§ Your goal: Every line between the one containing "首元をすっきり見せるノーカラーに、" and the last line of the data, both included, is to be set down exactly, and pictures are to be omitted.

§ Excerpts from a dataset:
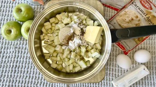 Step2In a medium saucepan, combine the Filling ingredients over medium-low heat, stirring frequently, until butter is melted and sugar is dissolved. Increase the heat to medium, and let it simmer for 5 minutes or until the apples are tender. Remove from heat, and let it cool.
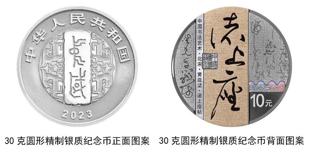 30克圓形銀質(zhì)紀念幣背面圖案為北宋黃庭堅書《諸上座帖》局部文字及“諸上座”字樣與筆架、“中國書法藝術(shù)”篆刻鈐印等組合設(shè)計,并刊“中國書法藝術(shù)·北宋·黃庭堅·諸上座帖”字樣及面額。
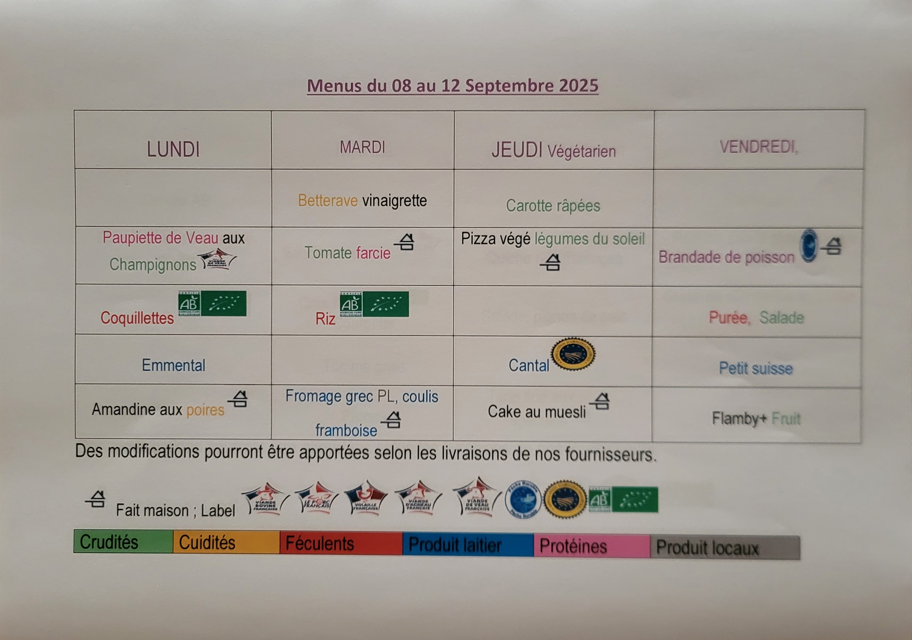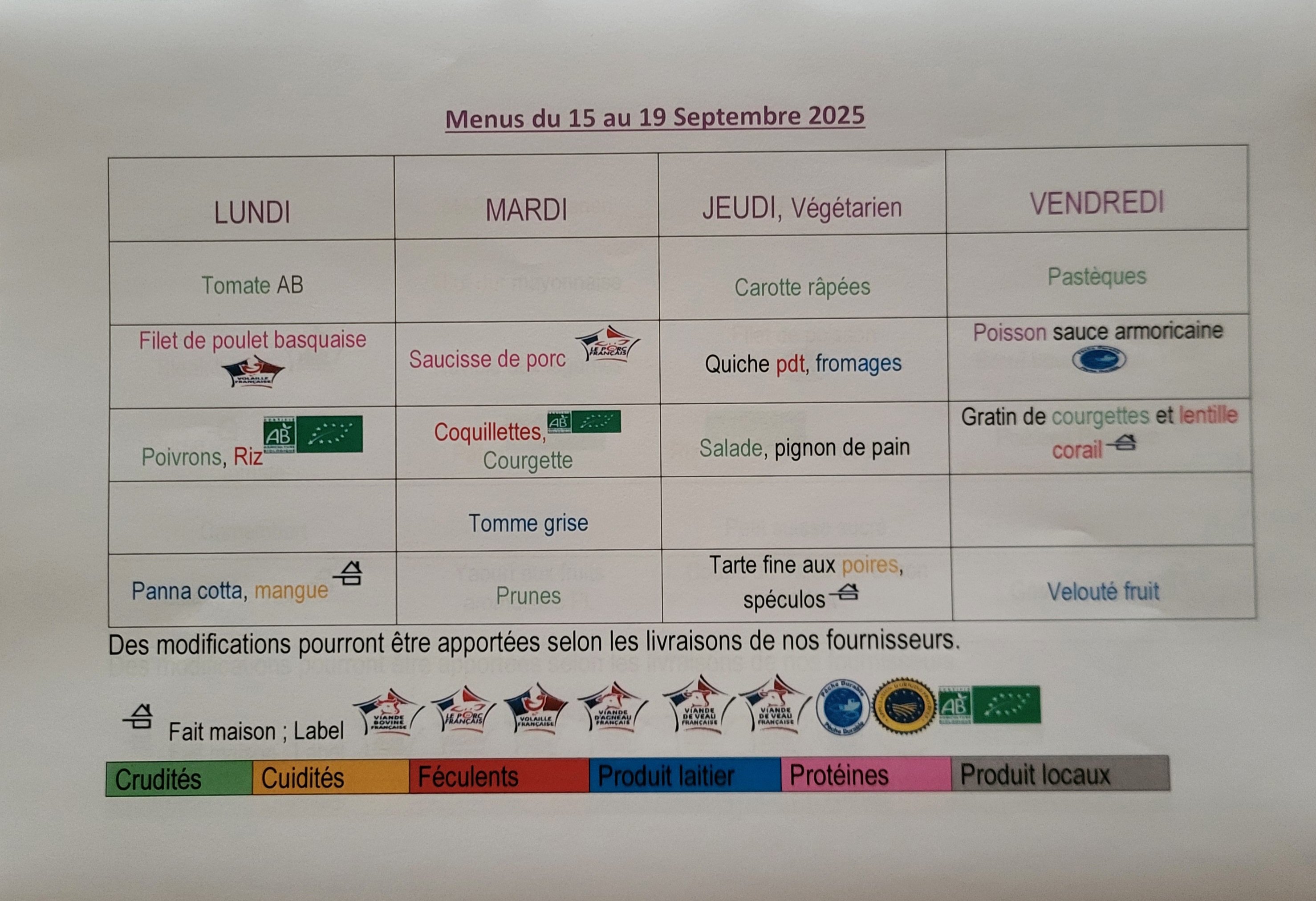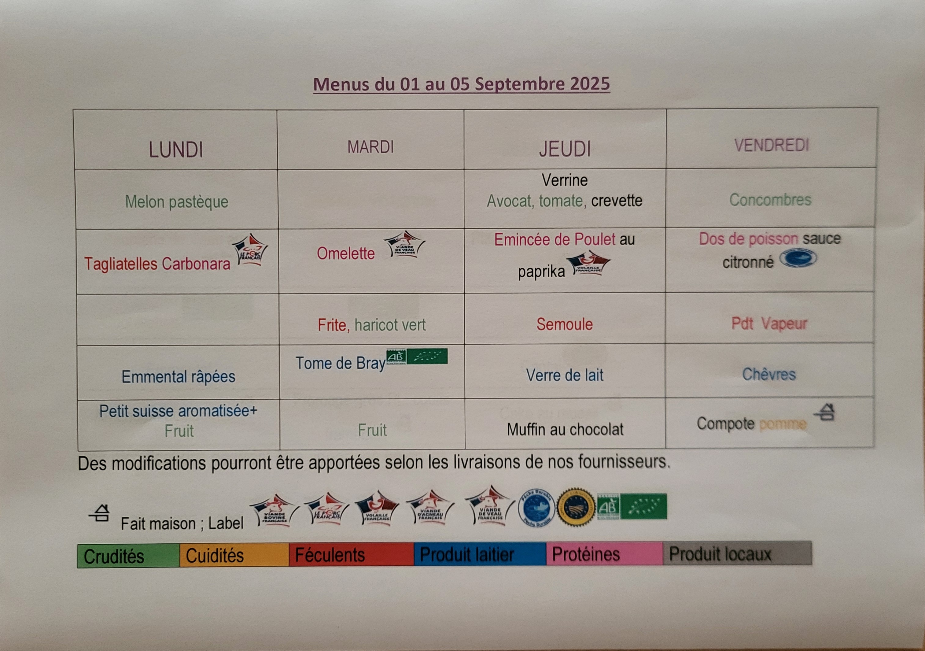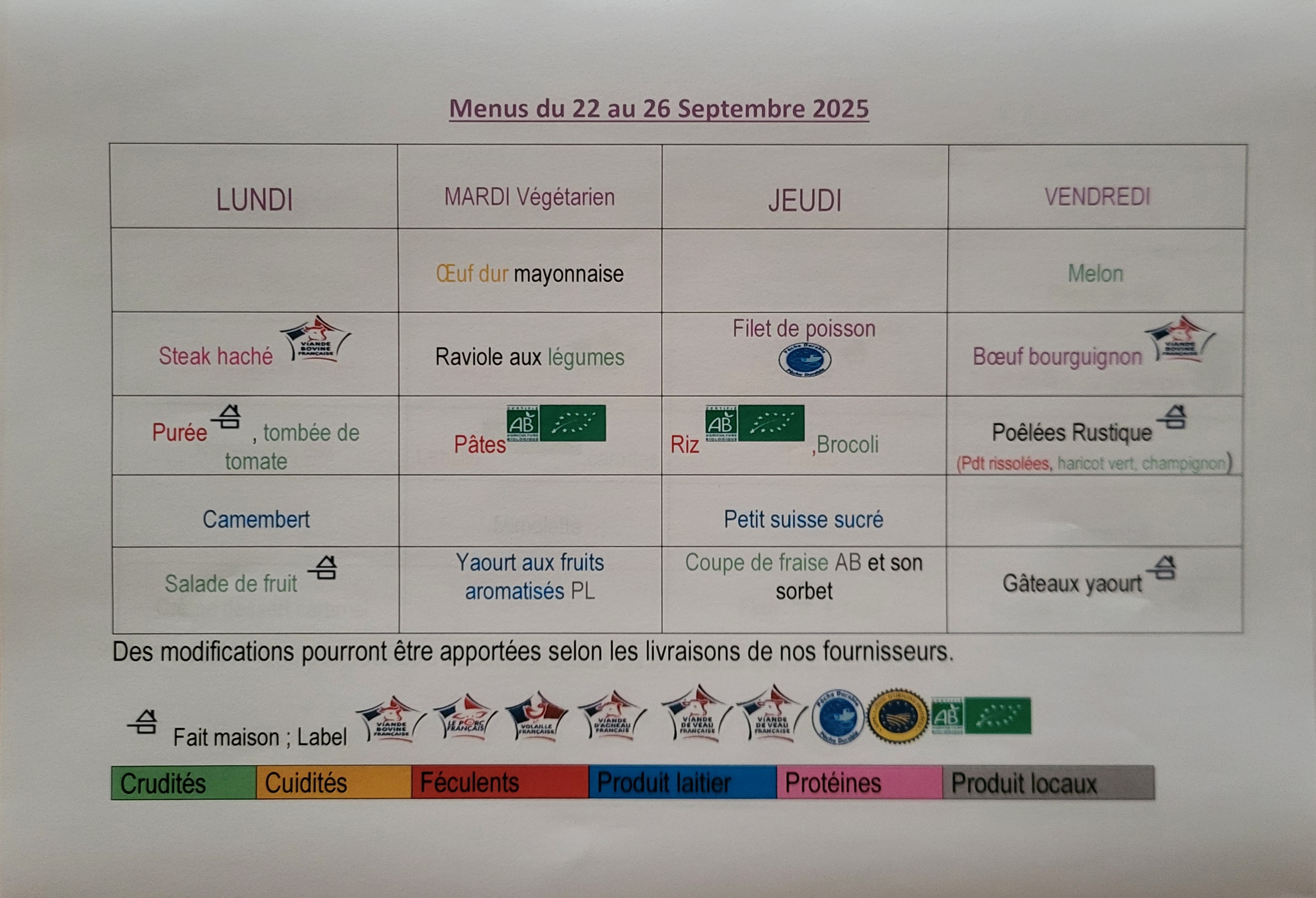 Un code couleur est appliqué sur la présentation des menus pour visualiser les 5 principales composantes : crudités, cuidités, féculents, produits laitiers et protéines.
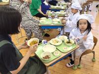 給食試食会では、家庭部の保護者の方々にお手伝いいただき、保護者の方々と1年生で一緒に給食を食べました。親子で向かい合って食べる給食に、うれしそうにする子どもたちもいました。
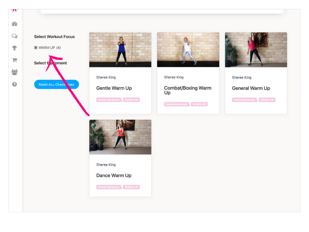 To access the warmups, from the workout library filter options, check the WARM UPS option, then select warm up option.
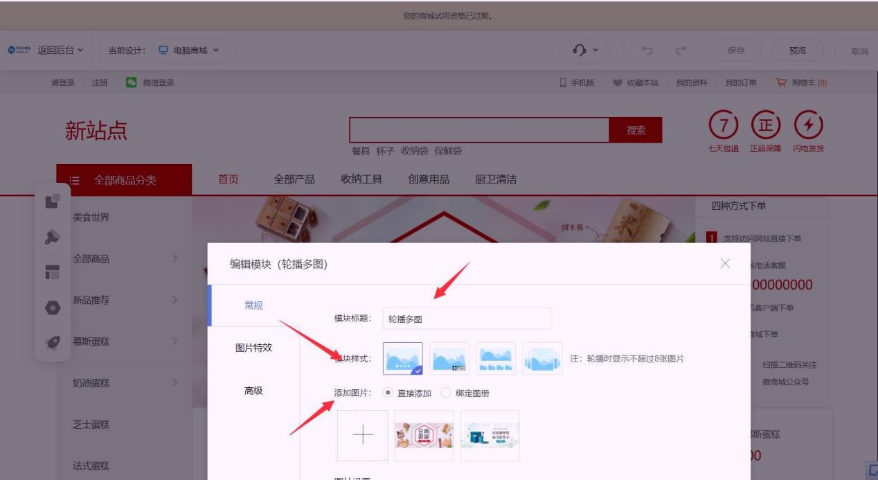 生鲜适配短板:无专门的生鲜模板,需手动修改通用模板风格;无临期商品批量促销功能,库存预警仅支持电脑端查看,无法及时响应生鲜短保需求。
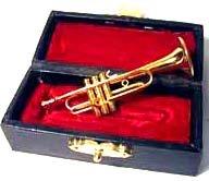 Brass trumpet in a black imitation leatherette case lined in red velvet. 6,3 cm.
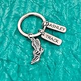 CUSTOMIZABLE DESIGN: Features a running shoe charm with two personalized name tags, perfect for track athletes and runners DURABLE MATERIAL: Crafted from high-quality silver-toned metal for long-lasting wear and a premium look VERSATILE ACCESSORY: Ideal for keys, bags, or sports gear organization with a sturdy split ring design COMPACT SIZE: Running shoe charm and name tags are sized perfectly for everyday carry without being bulky MEANINGFUL GIFT: Perfect personalized keepsake for track team members, coaches, or running enthusiasts
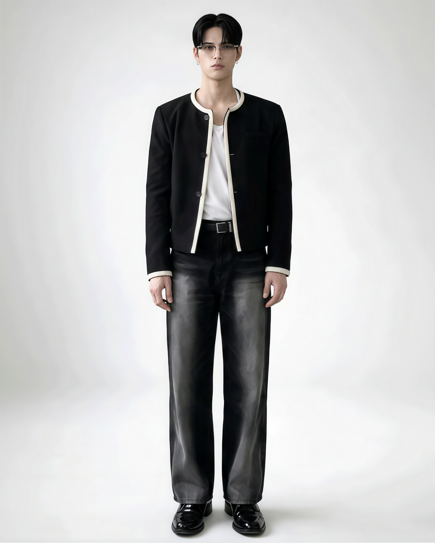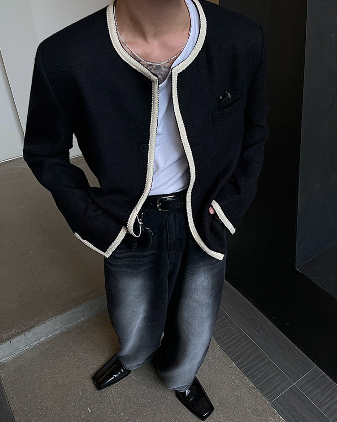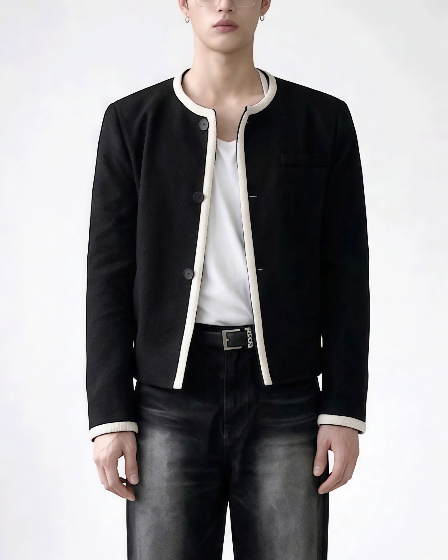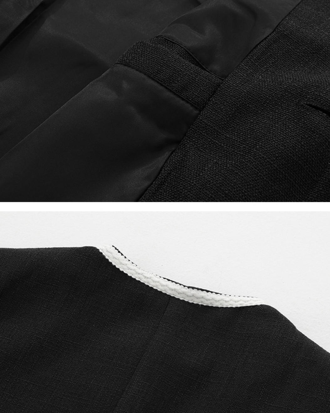首元をすっきり見せるノーカラーに、
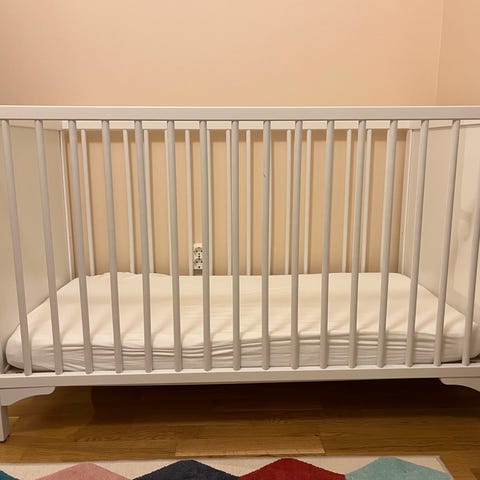 Spjälsäng i trä med en hjärtdetalj på huvudändan. Sängen har en naturlig träfärg och är utrustad med en lamellbotten. Passar för spädbarn och småbarn. Inkluderar även olika textilier såsom påslakan, madrassöverdrag, täcke, kuddar etc,
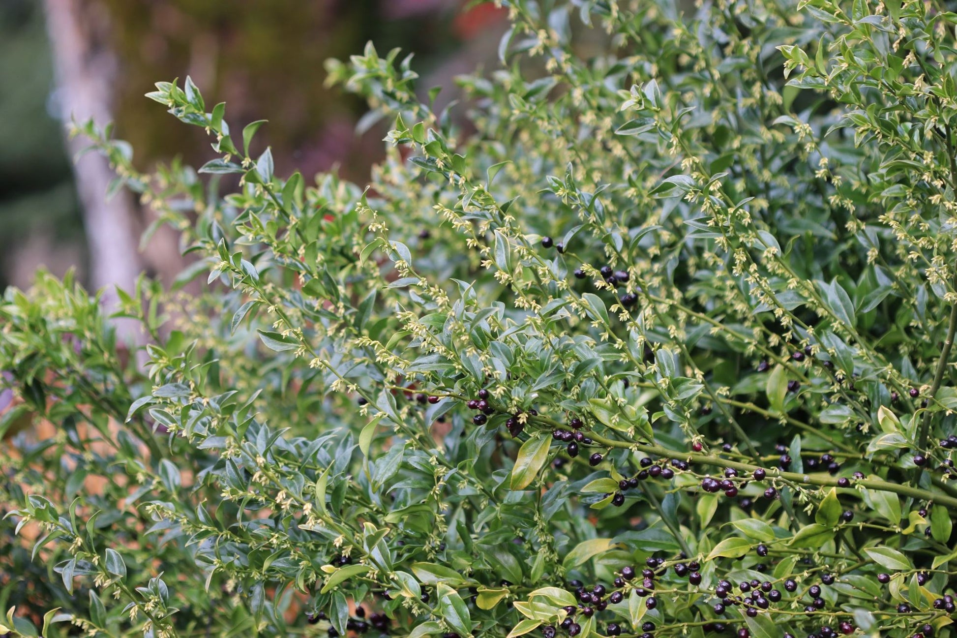 Evergreen shrub, to 4-6 ft, quietly fills an empty spot in part to dense shade and bursts forth in winter with a remarkably sweet fragrance from an abundance of small, white, thread-like flowers. Red berries turn black and remain through summer. Branches root easily providing more plants for more winter fragrance. Regular summer water. Frost hardy to 0F, USDA zone 7.
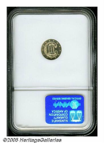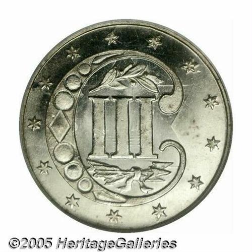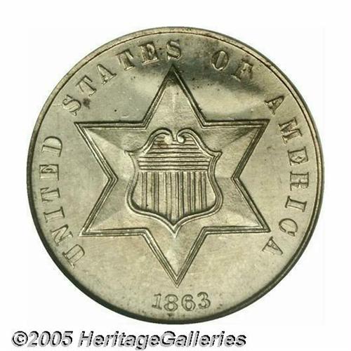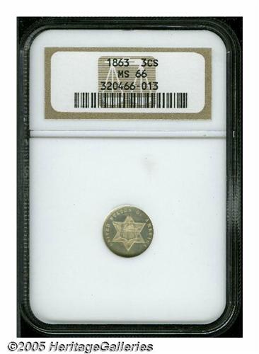 <B>1863<3CS> MS66 NGC.</B></I> Essentially brilliant with gleaming, semi-prooflike surfaces. A mere 21,000 business strikes were produced of this Civil War era issue, with many believed to have been subsequently melted. Population: 12 in 66, 6 finer (4/05).
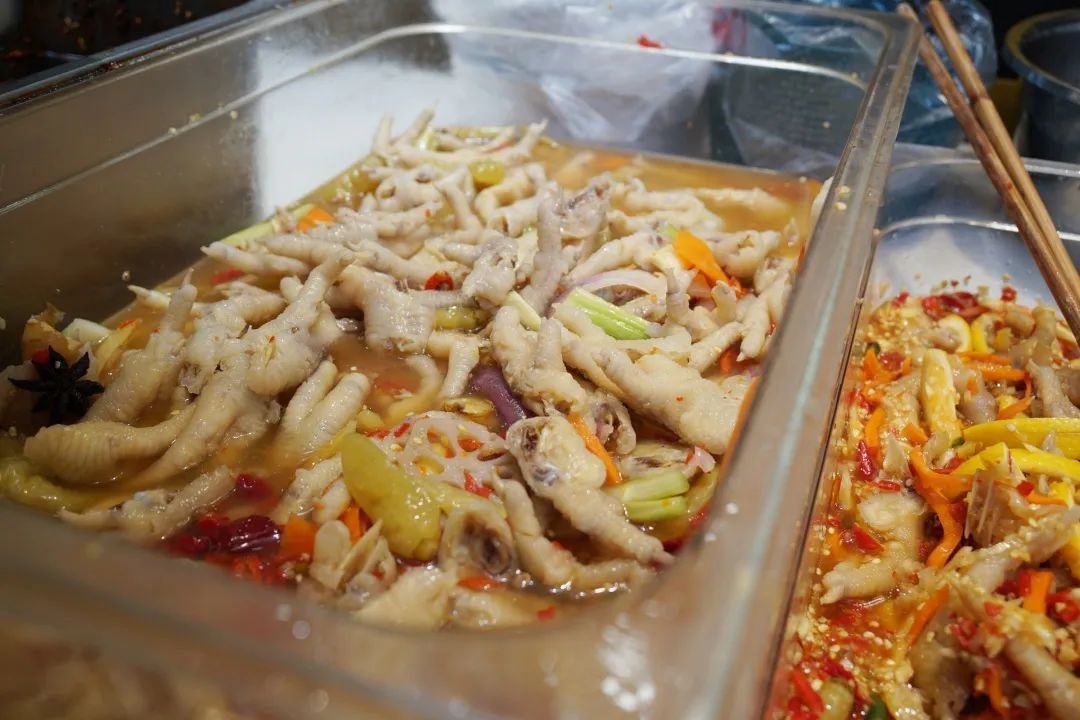 既有英子油炸、喜爪大牌档、烤骨队、新九记市井老火锅、乐山八婆麻辣烫等大餐硬菜,也有牛华九九豆腐脑、竹筒蒸肉店、阿郎冒菜、牛肉面等家常中餐,还有小丸子の冰铺、囍孃醪糟这类甜品小食。

§ Answer section:
首元をすっきり見せるノーカラーに、
 Spjälsäng i trä med en hjärtdetalj på huvudändan. Sängen har en naturlig träfärg och är utrustad med en lamellbotten. Passar för spädbarn och småbarn. Inkluderar även olika textilier såsom påslakan, madrassöverdrag, täcke, kuddar etc,
 Evergreen shrub, to 4-6 ft, quietly fills an empty spot in part to dense shade and bursts forth in winter with a remarkably sweet fragrance from an abundance of small, white, thread-like flowers. Red berries turn black and remain through summer. Branches root easily providing more plants for more winter fragrance. Regular summer water. Frost hardy to 0F, USDA zone 7.
 <B>1863<3CS> MS66 NGC.</B></I> Essentially brilliant with gleaming, semi-prooflike surfaces. A mere 21,000 business strikes were produced of this Civil War era issue, with many believed to have been subsequently melted. Population: 12 in 66, 6 finer (4/05).
 既有英子油炸、喜爪大牌档、烤骨队、新九记市井老火锅、乐山八婆麻辣烫等大餐硬菜,也有牛华九九豆腐脑、竹筒蒸肉店、阿郎冒菜、牛肉面等家常中餐,还有小丸子の冰铺、囍孃醪糟这类甜品小食。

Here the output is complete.